→ **Problem statement**:
Exact copy, pictures excluded: reproduce every record below.

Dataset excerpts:

==============================

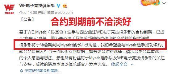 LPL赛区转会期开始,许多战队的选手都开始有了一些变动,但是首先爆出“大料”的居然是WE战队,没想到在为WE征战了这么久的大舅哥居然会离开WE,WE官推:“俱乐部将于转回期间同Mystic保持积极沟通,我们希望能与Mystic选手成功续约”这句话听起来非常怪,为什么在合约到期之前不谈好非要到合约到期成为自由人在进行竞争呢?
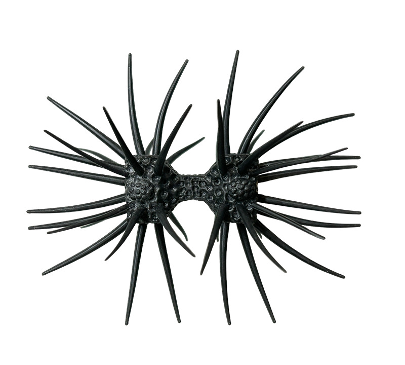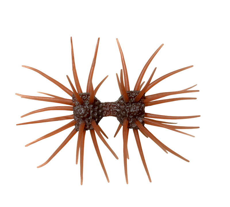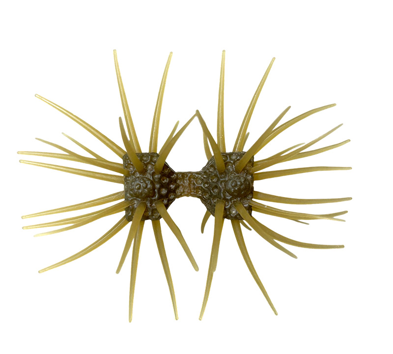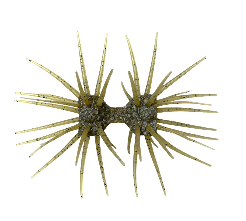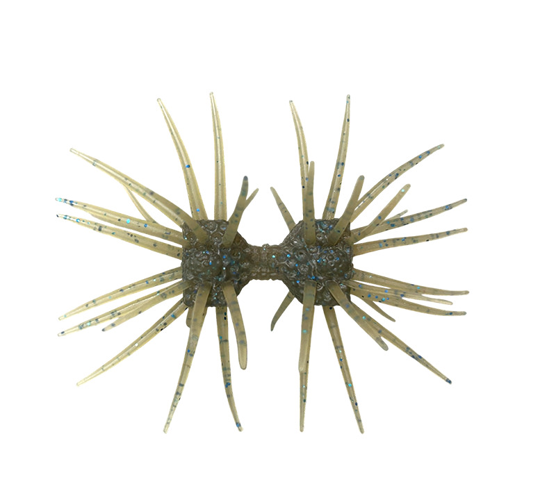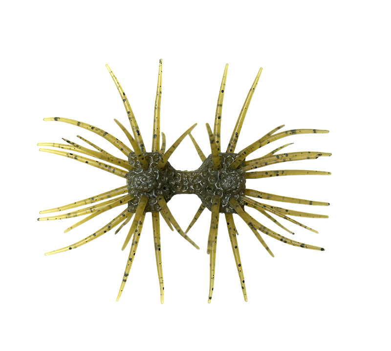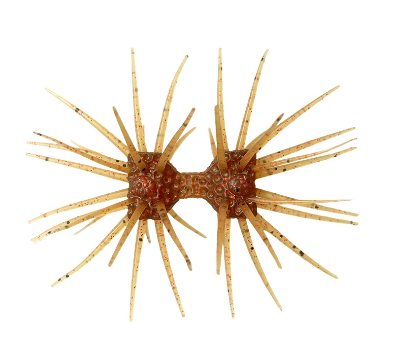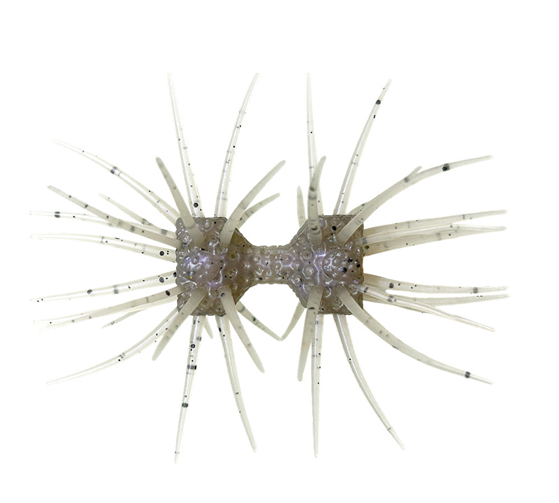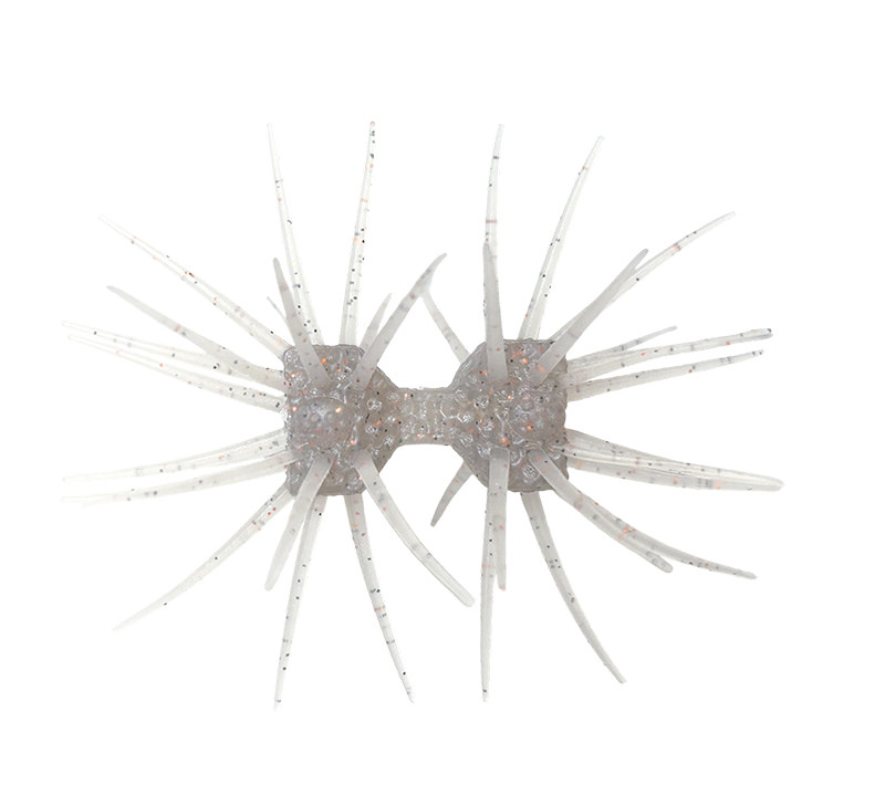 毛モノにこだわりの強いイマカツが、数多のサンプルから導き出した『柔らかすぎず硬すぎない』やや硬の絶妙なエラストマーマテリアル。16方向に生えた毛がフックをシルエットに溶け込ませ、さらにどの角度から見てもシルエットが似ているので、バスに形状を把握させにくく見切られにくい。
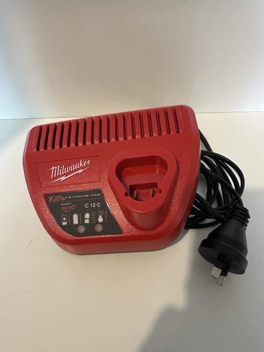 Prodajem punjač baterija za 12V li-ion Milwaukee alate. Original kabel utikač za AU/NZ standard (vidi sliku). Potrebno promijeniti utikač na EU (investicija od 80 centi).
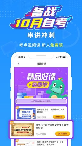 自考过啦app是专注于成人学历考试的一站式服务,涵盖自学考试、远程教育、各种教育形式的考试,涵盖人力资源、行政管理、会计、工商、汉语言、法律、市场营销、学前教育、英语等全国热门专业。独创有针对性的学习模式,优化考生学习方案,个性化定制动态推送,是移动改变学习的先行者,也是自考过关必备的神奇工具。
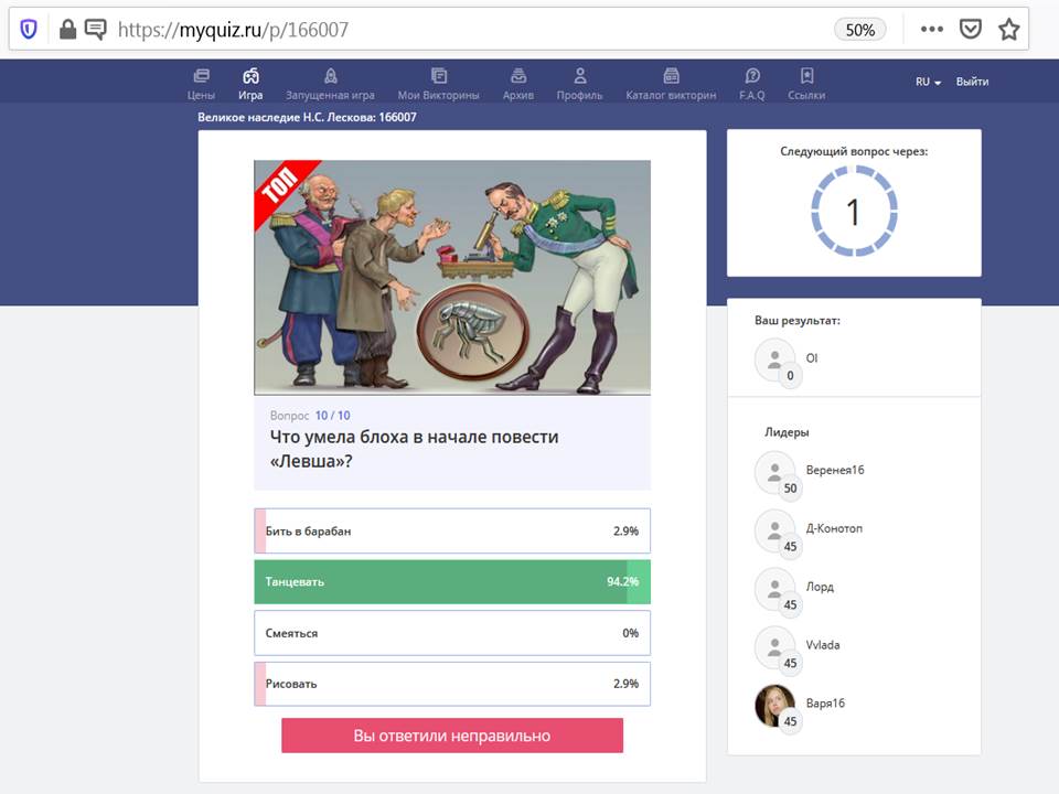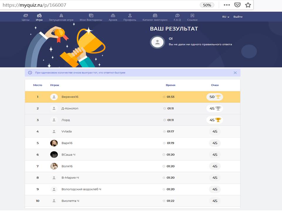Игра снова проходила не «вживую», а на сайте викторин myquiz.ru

==============================

→ **Written response**:
 LPL赛区转会期开始,许多战队的选手都开始有了一些变动,但是首先爆出“大料”的居然是WE战队,没想到在为WE征战了这么久的大舅哥居然会离开WE,WE官推:“俱乐部将于转回期间同Mystic保持积极沟通,我们希望能与Mystic选手成功续约”这句话听起来非常怪,为什么在合约到期之前不谈好非要到合约到期成为自由人在进行竞争呢?
 毛モノにこだわりの強いイマカツが、数多のサンプルから導き出した『柔らかすぎず硬すぎない』やや硬の絶妙なエラストマーマテリアル。16方向に生えた毛がフックをシルエットに溶け込ませ、さらにどの角度から見てもシルエットが似ているので、バスに形状を把握させにくく見切られにくい。
 Prodajem punjač baterija za 12V li-ion Milwaukee alate. Original kabel utikač za AU/NZ standard (vidi sliku). Potrebno promijeniti utikač na EU (investicija od 80 centi).
 自考过啦app是专注于成人学历考试的一站式服务,涵盖自学考试、远程教育、各种教育形式的考试,涵盖人力资源、行政管理、会计、工商、汉语言、法律、市场营销、学前教育、英语等全国热门专业。独创有针对性的学习模式,优化考生学习方案,个性化定制动态推送,是移动改变学习的先行者,也是自考过关必备的神奇工具。
Игра снова проходила не «вживую», а на сайте викторин myquiz.ru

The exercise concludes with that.